Error: Token has been expired or revoked
This happens when the OAuth app is still in Testing mode on a free Gmail account. Testing tokens expire after 7 days. Publish the app to Production as shown in the “Switch the OAuth App from Testing to Production” section above, then reconnect WP Mail SMTP to Google.
Error: 403 access_denied
Your Gmail account is blocking WP Mail SMTP access because the OAuth scopes weren’t granted. Revoke any existing WP Mail SMTP authorization at myaccount.google.com/permissions, then click Connect to Google again in WP Mail SMTP and approve all requested permissions.
Test email sends successfully but never arrives
Check the recipient’s spam folder first. If it’s there, your domain is missing DMARC or SPF records. Because Gmail is sending on behalf of your From address, the recipient’s server may flag the message as suspicious. You can work around this by setting the From Email to your actual Gmail address (instead of [email protected]) or by adding proper email authentication records to your DNS. The cleanest fix is using a dedicated transactional mail provider like Brevo, Mailgun, or Amazon SES for production sites.
Gmail quota exceeded
Free Gmail accounts can send up to 500 emails per day. Google Workspace accounts can send up to 2,000 per day. Hitting these limits triggers the error Quota exceeded for quota metric 'Queries' and limit 'Queries per day'. For sites sending more than a few hundred emails a day, use a real transactional mail service.
FAQ
Does WP Mail SMTP store my Gmail password?
No.

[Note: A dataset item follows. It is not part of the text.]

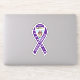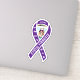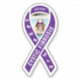 Mostre apoio para um pequeno combate à fibrose quística com este adesivo de reconhecimento de fita roxo. Design apresenta o símbolo de fita roxo com a foto da criança no centro e o texto branco personalizável no alto e no loop frontal da fita. Mostrada com o nome da criança e "fibrose quística". O outro loop da fita é adornado com pequenas borboletas brancas.

The Gmail mailer in WP Mail SMTP uses OAuth 2.0, which means WordPress only stores an access token and refresh token, not your actual Gmail password. The access token can be revoked at any time from your Google account permissions page.

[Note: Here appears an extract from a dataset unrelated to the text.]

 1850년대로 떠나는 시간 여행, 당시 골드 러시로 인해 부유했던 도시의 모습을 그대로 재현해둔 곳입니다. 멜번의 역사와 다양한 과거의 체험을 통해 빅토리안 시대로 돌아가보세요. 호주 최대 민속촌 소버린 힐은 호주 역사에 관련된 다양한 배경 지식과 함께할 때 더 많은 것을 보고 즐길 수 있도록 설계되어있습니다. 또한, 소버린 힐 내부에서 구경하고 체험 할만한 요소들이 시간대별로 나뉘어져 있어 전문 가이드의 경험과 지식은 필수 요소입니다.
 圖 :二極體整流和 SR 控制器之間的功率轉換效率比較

Can I use a Gmail App Password instead of OAuth?
Yes. If you want a simpler setup, enable 2-Step Verification on your Google account, generate an App Password at myaccount.google.com/apppasswords, and configure WP Mail SMTP with the Other SMTP mailer using smtp.gmail.com, port 587, TLS encryption, your Gmail address, and the generated app password. OAuth is more secure because tokens can be scoped and revoked individually, but App Password works fine for personal sites.
Should I use Gmail SMTP for a business website?
Gmail SMTP is fine for low-volume transactional email (password resets, contact form notifications, admin alerts) on small sites. For anything beyond a few hundred emails per day, or for marketing emails, use a dedicated transactional email service like Brevo, SendLayer, Mailgun, or Amazon SES. Those services handle deliverability, bounce management, and reputation monitoring that Gmail doesn’t provide for this use case.
Will this work with Google Workspace (G Suite)?
Yes. The setup is identical. Google Workspace accounts get a higher sending quota (2,000 emails/day versus 500 for free Gmail) and the OAuth consent screen will show your workspace domain instead of personal Gmail. If your Workspace admin has restricted OAuth scope access, you may need to whitelist the WP Mail SMTP OAuth client in the Workspace admin console.